BEGIN Input
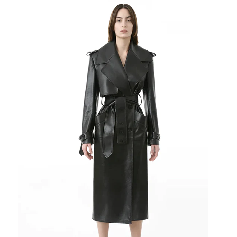 New Black Sheepskin Fitted Leather Trench Coat For Women
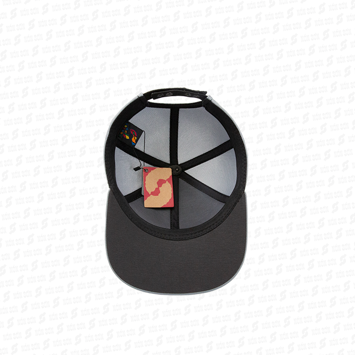 - Sử dụng kẹp phơi vào đai bên trong nón (vị trí giữa lưỡi trai), sao cho lưỡi nón hướng phía trên và dây đuôi hướng phía dưới.
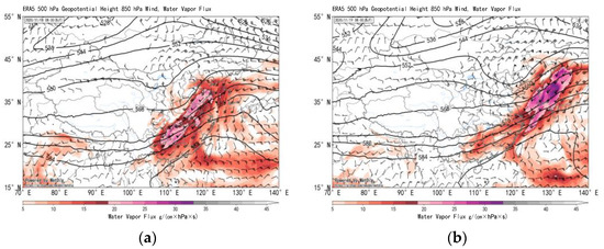 (a) 850 hPa water vapor flux (color) and wind field (arrow) at 08:00 on 18 November, (b) 850 hPa water vapor flux (color) and wind field (arrow) at 08:00 on 19 November.
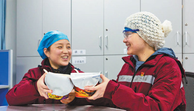 2月9日,中南大學(xué)湘雅二醫(yī)院援鄂醫(yī)療隊(duì)護(hù)士周杰楠(右)在武漢度過了29歲生日。在緊張的工作間隙,她與同樣是當(dāng)天過生日的同事曾艷一起吃方便面當(dāng)做慶祝。本報(bào)記者 張武軍攝
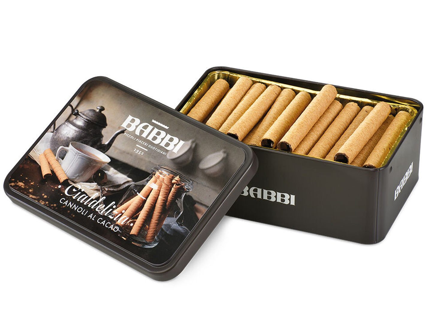 I Cannoli Babbi sono fragranti cialde arrotolate che racchiudono uno strato di finissimo cioccolato. La latta Piccoli Piaceri è l'idea perfetta per un regalo originale e goloso.
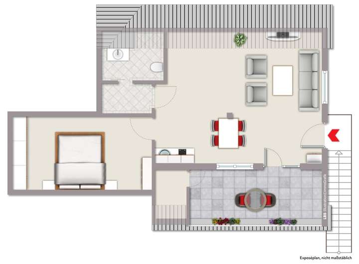 Zimmer: 2 (Wohn-/Essbereich, Schlafzimmer, Bad)
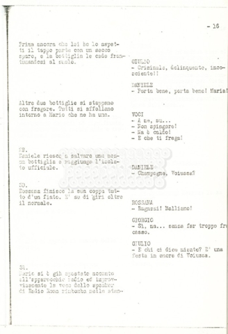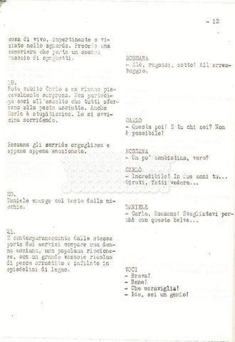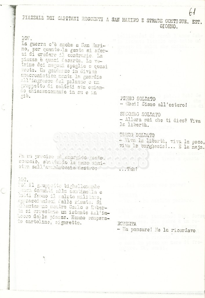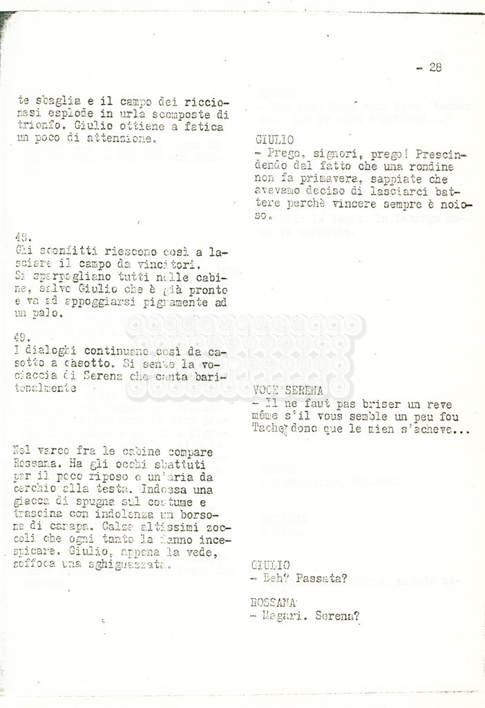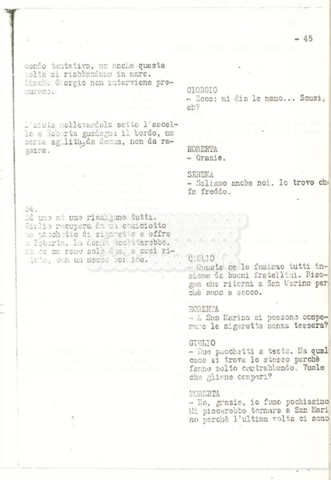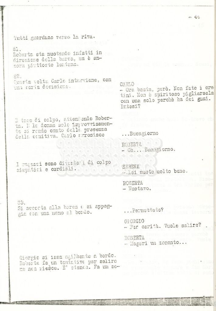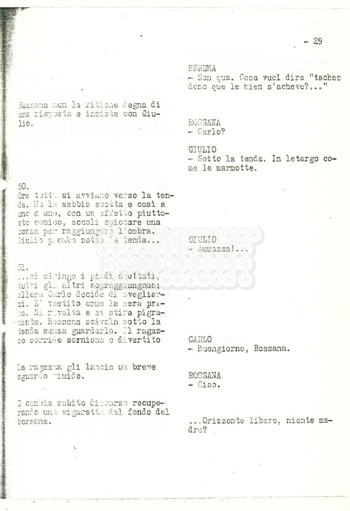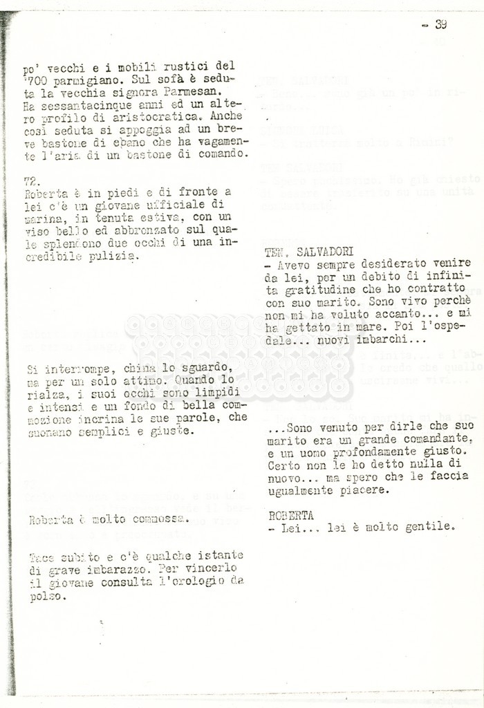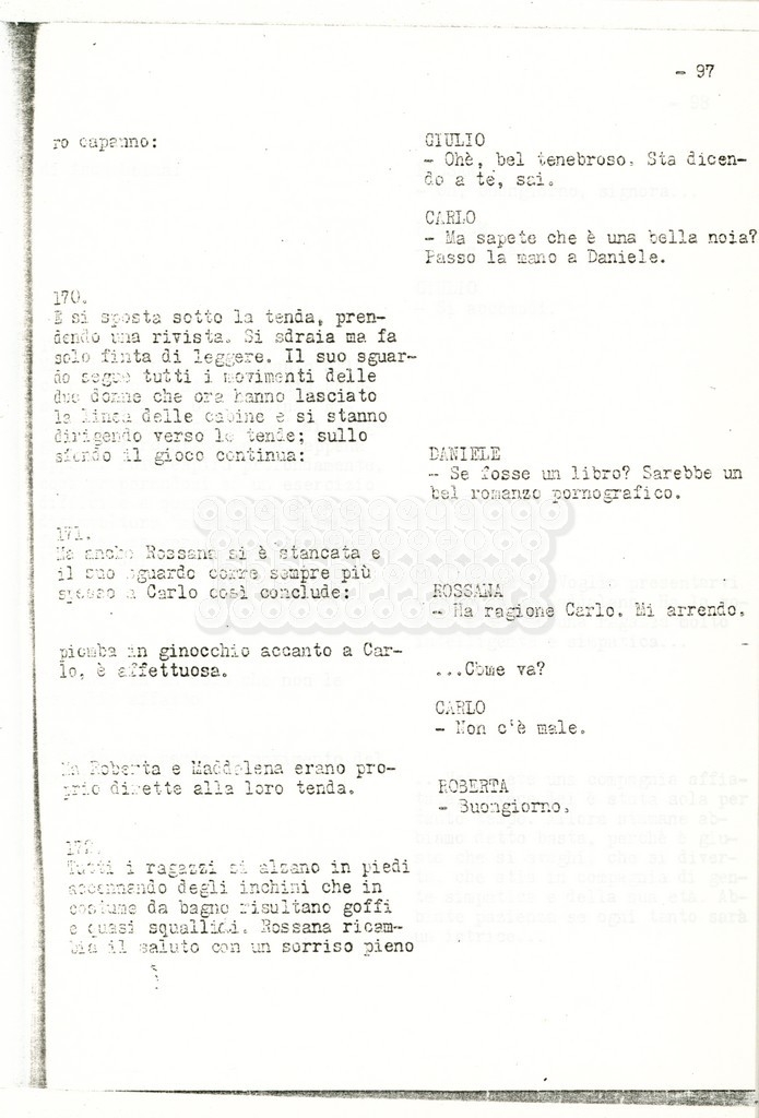Trattasi di una sceneggiatura di Valerio Zurlini, scritta con la collaborazione di Suso Cecchi d’Amico e Giorgio Prosperi. La regia del film Estate violenta (1959) è di Valerio Zurlini e nella pellicola vengono accreditati alla sceneggiatura gli stessi tre autori di cui sopra.
END Input
▸ Work required
Exactly the lines from the line with "I Cannoli Babbi" through the last line of the listing, both included, should be extracted, and the pictures left behind.

▸ Completed task
 I Cannoli Babbi sono fragranti cialde arrotolate che racchiudono uno strato di finissimo cioccolato. La latta Piccoli Piaceri è l'idea perfetta per un regalo originale e goloso.
 Zimmer: 2 (Wohn-/Essbereich, Schlafzimmer, Bad)
Trattasi di una sceneggiatura di Valerio Zurlini, scritta con la collaborazione di Suso Cecchi d’Amico e Giorgio Prosperi. La regia del film Estate violenta (1959) è di Valerio Zurlini e nella pellicola vengono accreditati alla sceneggiatura gli stessi tre autori di cui sopra.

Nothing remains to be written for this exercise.